Run this and it prints 94 records.

Suppose the FASTA title line needs to start with a GenBank "gi" number in NCBI's syntax, as gb|gi-number. There are various ways to do it. I want one which lets me reuse the low-level FASTA reader for other purposes, and which doesn't slow down the common case of simple FASTA reading. Here's one approach:

class NotGIRecord(Exception):
    def __init__(self, why, field=None):
        self.why = why
        self.field = field
    def __repr__(self):
        if self.field is None:
            return "NotGIRecord(%r)" % (self.why,)
        else:
            return "NotGIRecord(%r,%r)" % (self.why, self.field)
    __str__ = __repr__

def verify_gi_records(fasta_reader):
    for record in fasta_reader:
        if not record.title.startswith("gi|"):
            raise NotGIRecord("does not start with a GenBank identifier")
        fields = record.title.split("|")
        if not fields[1].isdigit():
            raise NotGIRecord("identifier must be a number", field[1])
        yield record

# Modified 'ls_orchid' so one of the fields is wrong
filename = "modified_ls_orchid.fasta"
print len(list(verify_gi_records(read_fasta(open(filename))))), "records"
% python fasta.py
Traceback (most recent call last):
  File "fasta.py", line 45, in ?
    print len(list(verify_gi_records(read_fasta(open(filename))))), "records"
  File "fasta.py", line 37, in verify_gi_records
    raise NotGIRecord("does not start with a GenBank identifier")
__main__.NotGIRecord: NotGIRecord('does not start with a GenBank identifier')
%
That is, use an iterator to read the records then a wrapper iterator which verifies each record as it comes through.

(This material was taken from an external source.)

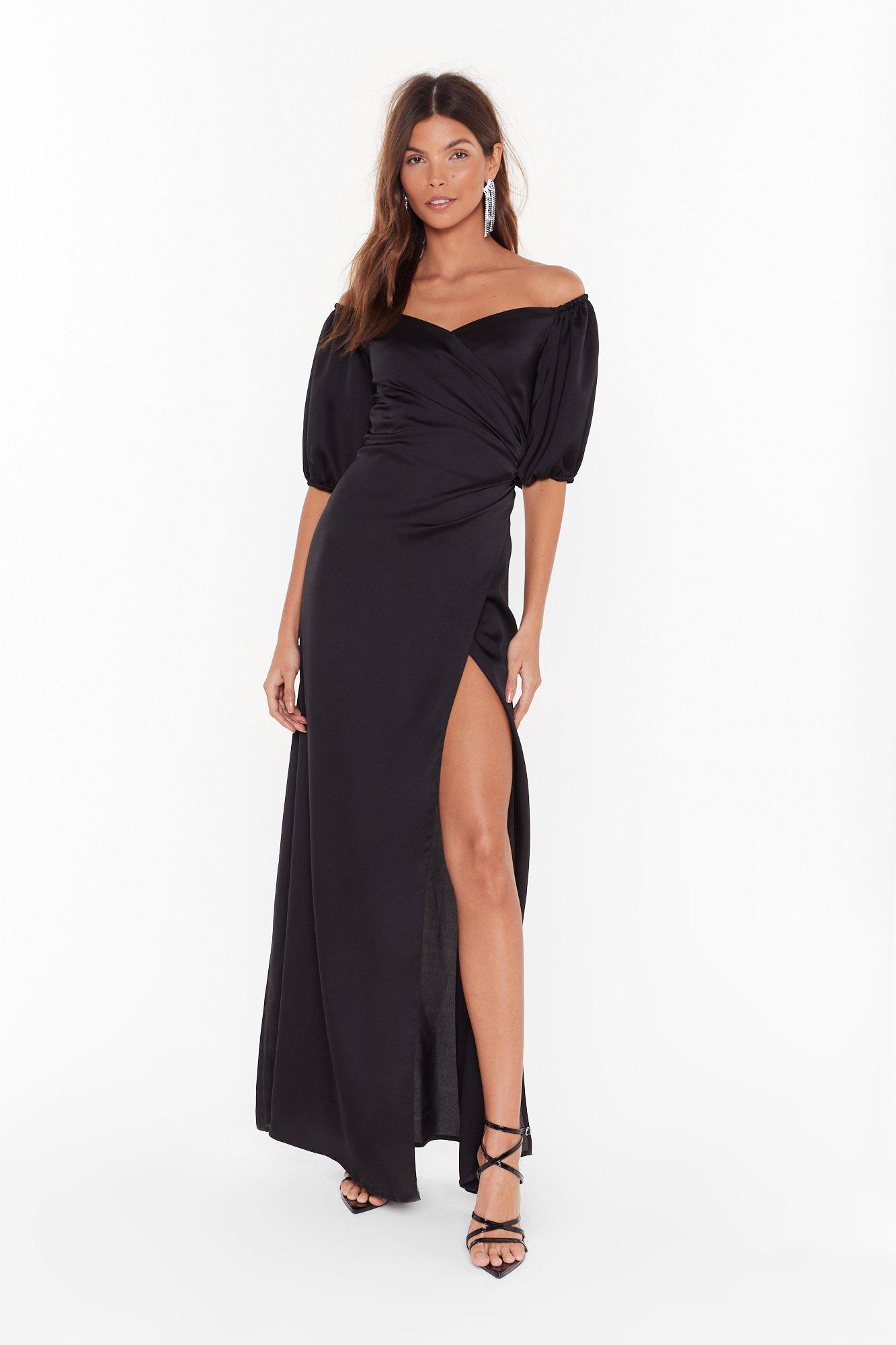 Break It Off The Shoulder Satin Maxi Dress Nasty Gal

The problem is that I want to report the line number with the failure. I can't do that with the above code as there's no access to line numbers, only the record number. What I can do is change the parsing code to yield a bit more information. The following is an example of returning two objects -- position and record -- from the iterator. Note: I've only lightly tested it.

class Position(object):
    def __init__(self, start_lineno, end_lineno):
        self.start_lineno = start_lineno
        self.end_lineno = end_lineno

class FastaRecord(object):
    def __init__(self, title, sequence):
        self.title = title
        self.sequence = sequence

def read_fasta(infile):
    title = None
    seq = None
    pos = Position(1, 1)

    for lineno, line in enumerate(infile):
        if line[0] == ">":
            if title is not None:
                # Was working on a previous record; yield it
                pos.end_lineno = lineno
                yield pos, FastaRecord(title, "".join(seq))
                pos.start_lineno = lineno+1
            title = line[1:-1]
            seq = []
        else:
            seq.append(line[:-1])

    # Reached end of file while working on a record
    if title is not None:
        pos.end_lineno = lineno
        yield pos, FastaRecord(title, "".join(seq))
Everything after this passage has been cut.